DA neurons have received a great deal of experimental attention since they were first identified in the middle of the last century (Carlsson et al., 1962). They feature prominently in theories that describe how experimental animals (and presumably humans) move, eat, learn, remember, and experience natural and drug rewards. DA neurons have even been suggested to play a major role in the neural basis of consciousness (Palmiter, 2011). Despite a wealth of knowledge gained from thousands of DA studies that have been conducted to date, many significant questions remain. Many of these questions could be best answered by directly modifying the activity of DA neurons or other elements of the circuits in which they participate. Optogenetics is clearly suited to meet this need, and will be especially powerful when used in conjunction with existing behavioral, electrophysiological, pharmacological and anatomical techniques.
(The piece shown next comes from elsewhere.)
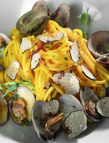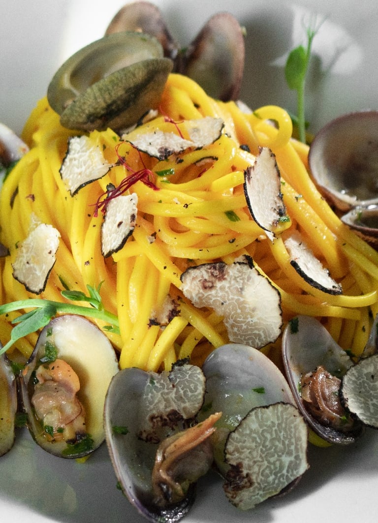 Il cuore del menù è affidato agli spaghetti alla chitarra del Pastificio Artigiano Molese, conditi con zafferano del Salento, vongole veraci e tartufo nero pregiato.

It is interesting to speculate that the relative homogeneity of DA neuronal population responses observed in vivo may facilitate attempts to mimic or delete their signals using optogenetic tools. For example, 75% of putative DA neurons are activated by unpredicted rewards; for comparison, only a small fraction of hippocampal pyramidal neurons are synchronously active during spatial exploration (Wilson and McNaughton, 1993; Hollerman and Schultz, 1998). Also, the comparatively slow timing of modulatory DA signals may provide more leeway when attempting to match exogenously-applied signals to endogenously-timed plasticity mechanisms which often have a narrow window of efficacy (Dan and Poo, 2004). Thus, the study of DA neurons may represent a case where the power of optogenetics can be put to particularly effective use.